Heureusement, vous avez aussi un certain nombre d'experts-comptables qui sont proactifs. Qui inversent les choses. Ils prennent l’initiative d'engager le dialogue avec le client, sur ses projets pour 2022, par exemple. Si vous travaillez volontiers avec des clients qui apprécient énormément une approche proactive, vous devrez agir au niveau Sales et Marketing. De cette manière, ces clients trouveront plus facilement votre bureau.”
Les Pays-Bas sont-ils en avance sur la Belgique ?
“Je pense que nous avons une longueur d'avance dans certains domaines. Les clients néerlandais trouvent normal que leur expert-comptable ne se contente pas d'enregistrer des chiffres. Ils posent également d’autres questions. En fait, j’ai du mal à me prononcer à ce sujet.”
Une autre tendance frappante est la vague de consolidation qui fait rage dans le secteur de la comptabilité, surtout en Flandre. Elle a toujours existé, mais c’est beaucoup plus frappant aujourd'hui. Est-ce également le cas aux Pays-Bas ?
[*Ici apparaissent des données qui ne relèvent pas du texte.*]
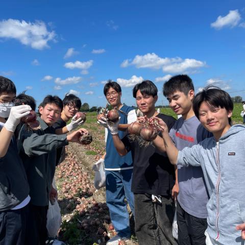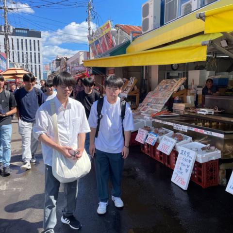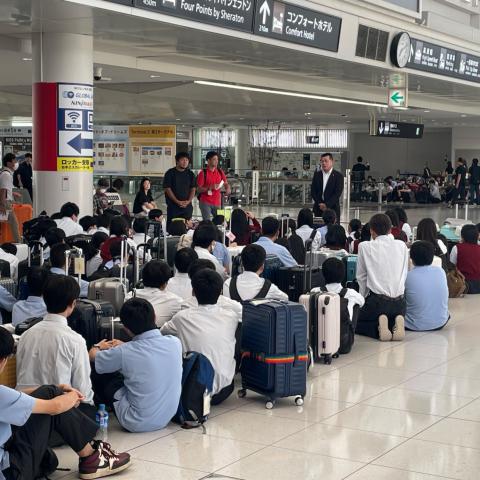 手前から 墨選手(日本体育大学)、福田選手(駒澤大学)、近藤選手(中央大学)、佐藤選手(駒澤大学)、山内君(現役生徒)、後ろに、服部選手(東洋大学)
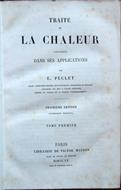 Tre volumi in-8° (23,6 x 14,8 cm), pp. (6), 476; (4), 500; (4), 484, legatura coeva in mezza tela, con titoli al dorso. Normali tracce d'uso e del tempo alla legatura. Con una tavola fuori testo, a doppia pagina, al terzo volume e, secondo quanto riportato nel frontespizio del terzo volume, 674 figure nel testo, in bianco e nero. Al primo volume, piccola mancanza, lontano dal testo, reintegrata con carta giapponese, nei fogli con le pagine dalla 165 alla 168 e 217-218, 243-244. Nel margine superiore di pagina 275, due operazioni matematiche scritte a inchiostro da mano coeva, prima della rilegatura del volume. A ciascun volume, timbro a secco di vecchio proprietario all'altezza dell'angolo superiore del foglio con al recto l'occhietto. Piccoli, leggeri segni d'umido ad alcune pagine. Per il resto, ben conservato. Table des matières. Premier volume. Livre premier. De la combustion et des combustibles. Chapitre I. De la combustion en général. Chapitre II. Des combustibles en général. Chapitre III. Des bois. Chapitre IV. Charbon de bois. Chapitre V. Tannée. Chapitre VI. Tourbe. Chapitre VII. Charbon de tourbe. Chapitre VIII. Combustibles fossiles. Chapitre IX. Du coke. Chapitre X. Détermination des volumes d'air nécessaires pour bruler les différents combustibles et des volumes de gaz qui s'échappent. Chapitre XI. Températures produites par la combustion des différents combustibles. Livre II. Écoulement des gaz comprimés. Chapitre I. Écoulement des gaz, sous des faibles pressions, par un orifice en mince paroi. Chapitre II. Écoulement des gaz, sous de grandes pressions, par un orifice en mince paroi. Chapitre III. Examen de la formule de M. Navier. Chapitre IV. Écoulement par des ajutages cylindriques et coniques. Chapitre V. Frottement dans les tuyaux de conduite de gaz. Chapitre VI. Changements de direction dans les tuyaux de conduite de gaz. Chapitre VII. Changements de section dans les tuyaux de conduite du gaz. Chapitre VIII. Écoulement des gaz par des tuyaux d'une forme quelconque. Chapitre IX. Écoulement de la vapeur sous différentes pressions. Chapitre X. Anémomètres et manomètres. Livre III. Des cheminées. Chapitre I. Mouvement de l'air chaud dans les tuyaux verticaux. Chapitre II. Considérations générales sur les cheminées d'usine. Chapitre III. Dimensions des cheminées d'usine. Chapitre IV. Cheminées d'appel. Chapitre V. Construction des cheminées. Chapitre VI. Influence de l'état de l'atmosphère sur le tirage des cheminées. Chapitre VII. Appareils destinés a soustraire le tirage des cheminées a l'influence des vents et de la pluie. Chapitre VIII. Appareils destinés a mesurer le tirage. Livre IV. Mouvements de l'air produits par des machines ou par des jets de vapeur. Chapitre I. Considérations générales sur les appareils ventilateurs. Chapitre II. Ventilateurs a force centrifuge. Chapitre III. Ventilateurs a vis. Chapitre IV. Roues pneumatiques. Chapitre V. Machines a piston. Chapitre VI. Machines a cloches plongeantes. Chapitre VII. Ventilation par jets de vapeur. Chapitre VIII. Machines soufflantes diverses. Chapitre IX. Ventilation par un travail accumulé. Livre V. Des foyers. Chapitre I. Des foyers ordinaires a flamme droite. Chapitre II. Différentes formes de foyers. Chapitre III. Nouvelles dispositions de foyers. Chapitre IV. Considérations générales sur les foyers. Chapitre V. Foyers pour les divers combustibles. Livre VI. Émission et transmission de la chaleur. Chapitre I. Émission de la chaleur par des surfaces maintenues a une température constante. Chapitre II. Transmission de la chaleur a travers les corps solides. Chapitre III. Considérations générales et applications des formules. Note. Tables et renseignements relatifs aux propriétés physiques des corps. Deuxième volume. Livre VII. Vaporisation. Chapitre I. Des générateurs de vapeur en général. Chapitre II. Indicateurs de niveau. Chapitre III. Manomètres et thermomètres. Chapitre IV. Soupapes de sureté et plaques fusibles. Chapitre V. Alimentation des chaudières a vapeur. Chapitre VI. Appareils pour séparer de la vapeur l'eau qùelle entraine. Chapitre VII. Fourneaux. Chapitre VIII. Incrustations des chaudières et influence de certaines eaux d'alimentation. Chapitre IX. Conduite des chaudières a vapeur. Chapitre X. Dispositions diverses des générateurs a vapeur. Chapitre XI. Générateurs chauffés par la chaleur des gaz qui s'echappent de certains fourneaux. Chapitre XII. Explosions des chaudières a vapeur. Chapitre XIII. Améliorations a introduire dans les générateurs. Chapitre XIV. Phénomènes qui se produisent dans la transmission de la chaleur de la surface intérieure de la chaudière a l'eau. Livre VIII. Distillation. Chapitre I. Distillation simple. Chapitre II. Appareils de distillation a effets multiples. Chapitre III. Appareils de distillation et d'analyse de vapeurs. Livre IX. Évaporation. Chapitre I. Évaporation spontanée a l'air libre. Chapitre II. Évaporation a la température ordinaire par un courant d'air forcé. Chapitre III. Évaporation en bases ouverts par l'action directe d'un foyer. Chapitre IV. Évaporation d'un liquide chaud par un courant d'air forcé. Chapitre V. Évaporation directe par l'air brulé. Chapitre VI. Évaporation par la vapeur. Chapitre VII. Évaporation dans le vide. Chapitre VIII. Appareils d'évaporation dans lesquels la chaleur est employée plusieurs fois. Livre X. Séchage. Chapitre I. Extraction de l'eau par une action mécanique. Chapitre II. Séchage a l'air libre. Chapitre III. Séchage par un courant d'air forcé. Chapitre IV. Séchage par la chaleur. Chapitre V. Régulateurs de température. Chapitre VI. Dispositions des séchoirs a air chaud. Chapitre VII. Séchage du linge. Chapitre VIII. Dessiccation du bois et de la tourbe. Chapitre IX. Dessiccation des légumes. Chapitre X. Torréfaction du tabac a fumer. Chapitre XI. Séchage des étoffes par rayonnement. Chapitre XII. Séchage de

“Ce n’est certainement pas une tendance aux Pays-Bas. Je peux m’imaginer que de plus en plus de bureaux veulent fusionner. À un moment donné, la quantité de logiciels dont vous avez besoin en tant que (petit) bureau n’est peut-être plus envisageable. Il n’est pas facile de réaliser le 'bon' puzzle numérique. Sans oublier le prix de revient.”
Au fond, vous êtes assez pessimiste quant aux petits bureaux ?
“Pas nécessairement. Ainsi, en tant que petit bureau, vous pourriez peut-être sous-traiter la comptabilité à une petite usine comptable, comme nous l’appelons ici. C'est vous qui gardez le contrôle, en d’autres termes vous entretenez le contact avec le client. Je vois également apparaître d’autres modèles.”